Key skills required: 

  • Minimum 5-8 years of relevant experience in working with model validation, model development.
  • Knowledge of Basel III, IV.
  • Strong knowledge of Market Risk Concepts and metrics (VaR/Value at Risk, Risk Sensitivities, FRTB, IRRB and Market Risk Quant)
  • Basel, SAS, Reg Reporting and System implementation.
  • Valuation and Independent Price Verification
  • Knowledge on Regulatory banking risk management guidelines, risk management practices
  • Understanding of market risk infrastructure (Market Risk/Model Risk), Knowledge of SQL, R, Python, VBA etc.
  • Background in mathematical finance with a master’s degree in financial engineering or quantitative finance. Advanced degree like a PhD in a related field is a plus. Candidates with a strong academic background but without a master's degree may also be considered. 
  • A bachelor's degree in Statistics, Mathematics, Physics, Computer Science or Engineering is essential. 
  • Relevant professional certifications like CQF, CFA, FRM or progress towards it are preferred. 
  • Experience in a Quant role in Validation and/or Development of models in a financial institution and/or Consulting/Advisory firm.  
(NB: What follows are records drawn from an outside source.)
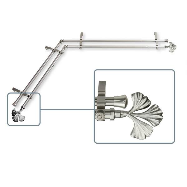 13/16" Dia Adjustable 120" to 170" Double Corner Window Curtain Rod in Satin Nickel with Fortune Finials
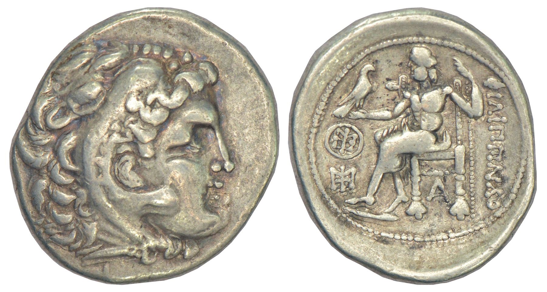 Celtic tribes of lower Danube region - imitative silver tetradrachm of Philip III Arrhidaios, King of Macedon (323-317 BC) Arados mint, cf. Price-P152, 16.82g. Obv: Head of Heracles right, clad in lion's skin. Rev: Zeus enthroned, holding eagle and spear, two monograms in left field, letter A below throne; blundered Greek legend PhILIPPNAO to right.
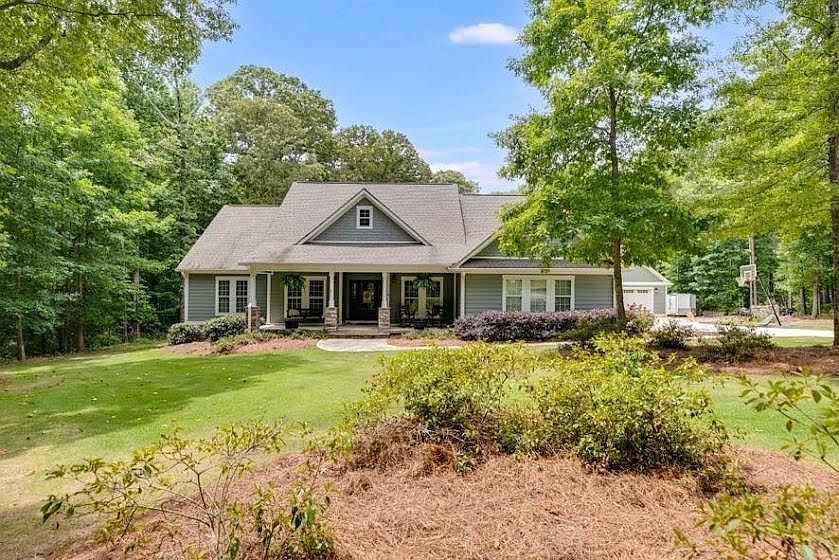 Welcome to the sought-after neighborhood of Southbend, which has larger lots (this one has a 4-acre lot) and NO HOA. It is located in Carrollton with the Roopville Elementary School district. This craftsman-style exterior and well-appointed interior will surely be the home you have been looking for! It has a beautiful rocking chair front porch overlooking the well-manicured lawn. You'll notice real hardwood floors and 10? ceilings throughout the main space as you enter the home. This home has a separate dining room that is perfect for entertaining. An office with a closet so it can turn into a 5th bedroom if needed. There are 3 bedrooms on the main level and is the desired split bedroom plan. The oversized master bedroom has an en suite of your dreams. With a gorgeous large tiled shower, a separate soaking tub, double sinks, granite countertops, and a large walk-in closet with a closet system. The main space is an open floorplan concept featuring a cozy living room with many windows overlooking the private backyard and a stunning rock gas log fireplace. The kitchen is a chef's delight and has beautiful granite countertops, a tiled backsplash, ample cabinet space, an oversized bar with extra seating, stainless steel appliances, and a gas stove top. The laundry room is off of the attached 2-car garage and there's ANOTHER detached 2-car garage perfect for a workshop, storage, or holding your extra cars. If you're looking for flex space or extra bedrooms, this one has them. With extra finished rooms above both garages, it could potentially be a six-bedroom home if you need it to be. Above the detached garage is a large space with another full bathroom. Outside, you'll find a large back deck with a rock outdoor kitchen, tongue and groove ceiling, and steps leading you to a level and private backyard. Also, you'll see the covered patio in the backyard, complete with another stunning rock fireplace. Also outside is an adorable play house, chicken coop, and raised beds for gardening. This perfect home is only a few miles from Walmart, has high-speed internet, and is on a quiet street. Schedule your showing today!
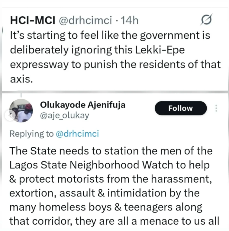This comes after an X user, raised concerns over harassment and extortion by homeless boys and teenagers along the Lekki-Epe Expressway, calling on the state government to take urgent action.
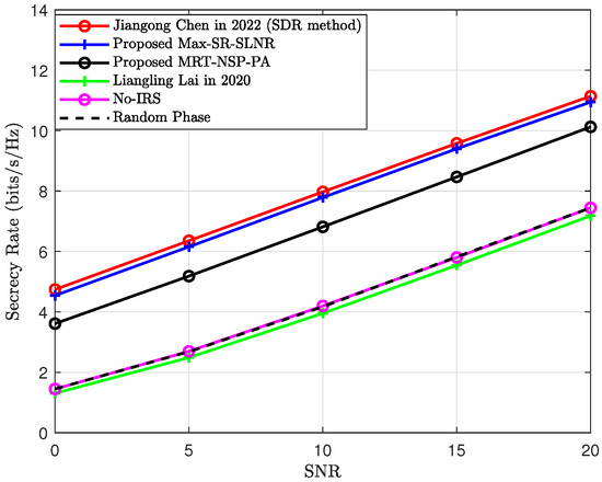 Figure 3. Secrecy rate versus the SNR.

  • Experience in any of the following model types: Market Risk, Liquidity Risk, Counterparty Credit Risk, Capital Risk, Credit Risk, Finance & Treasury, Financial Crime, or Data Science is essential.  
  • Background in derivative finance with basic understanding of stochastic calculus and numerical techniques for derivatives pricing (Monte Carlo / Finite Difference). 
  • Working knowledge of statistical techniques and quantitative finance is essential. Good understanding of various complex financial instruments is preferred. 
  • Knowledge of popular machine learning techniques is preferred. 
  • Strong written & verbal communication skills with ability to present to internal and external stakeholders. 
  • Proficient programmer in any of the languages such as Python, R, SAS, etc.  
  • Willingness to learn new and complex topics and adapt oneself as per the client needs.